• **Your objective**:
Your copy should hold only the lines from the one containing "특정 계절 항공권 예약하기" through the final line of the entries, exactly as written, with no pictures.

___ Input records ___

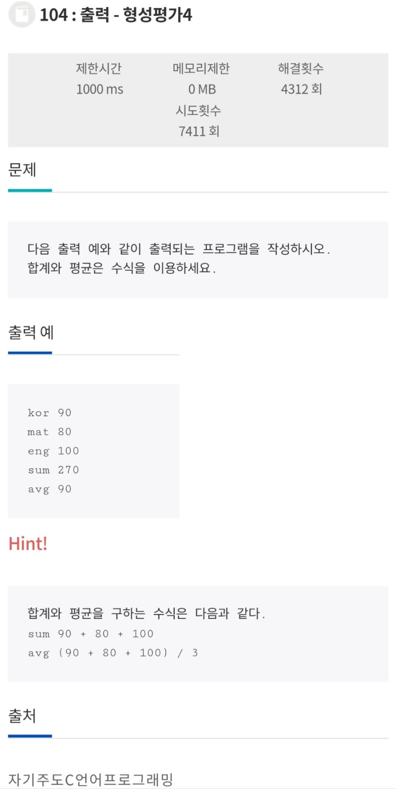 jungol > 문제 > Langauge_Corder > 출력 - 형성평가 1~5
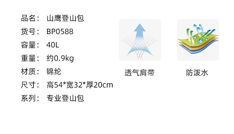 야외 전문 등산 가방 중단 배낭 하이킹 배낭 남성 경량 여행 Ryh
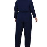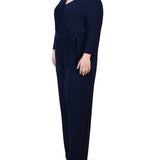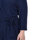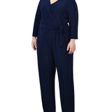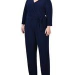 Navy 3/4 Sleeve Belted Jumpsuit - Plus – Dressbarn
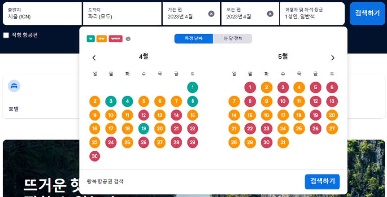 특정 계절 항공권 예약하기
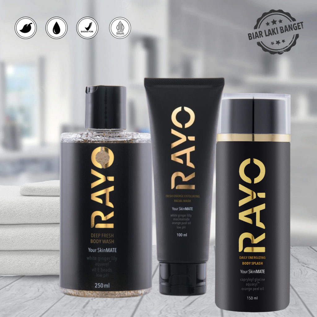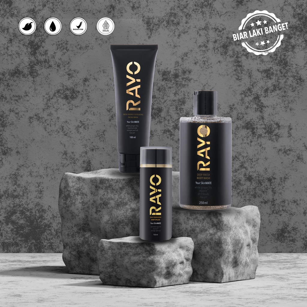 Paket Perawatan Wajah dan Tubuh Pria RAYO - Sabun Mandi, Sabun Wajah dan Splash Cologne
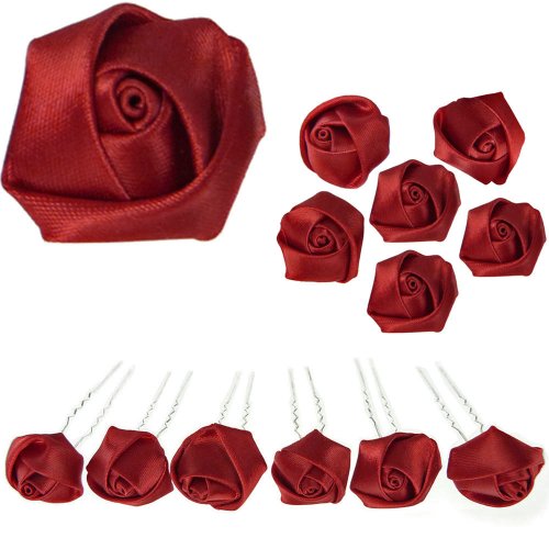Soyokay - Lot De 6 Épingles Épingle Cheveux Pics Chignon - Coiffure Mariage Mariée Cérémonie - Fleur - Rose En Satin ROUGE BORDEAUX: Amazon.fr: Parfum et Beauté

___

• **Solved problem**:
 특정 계절 항공권 예약하기
 Paket Perawatan Wajah dan Tubuh Pria RAYO - Sabun Mandi, Sabun Wajah dan Splash Cologne
Soyokay - Lot De 6 Épingles Épingle Cheveux Pics Chignon - Coiffure Mariage Mariée Cérémonie - Fleur - Rose En Satin ROUGE BORDEAUX: Amazon.fr: Parfum et Beauté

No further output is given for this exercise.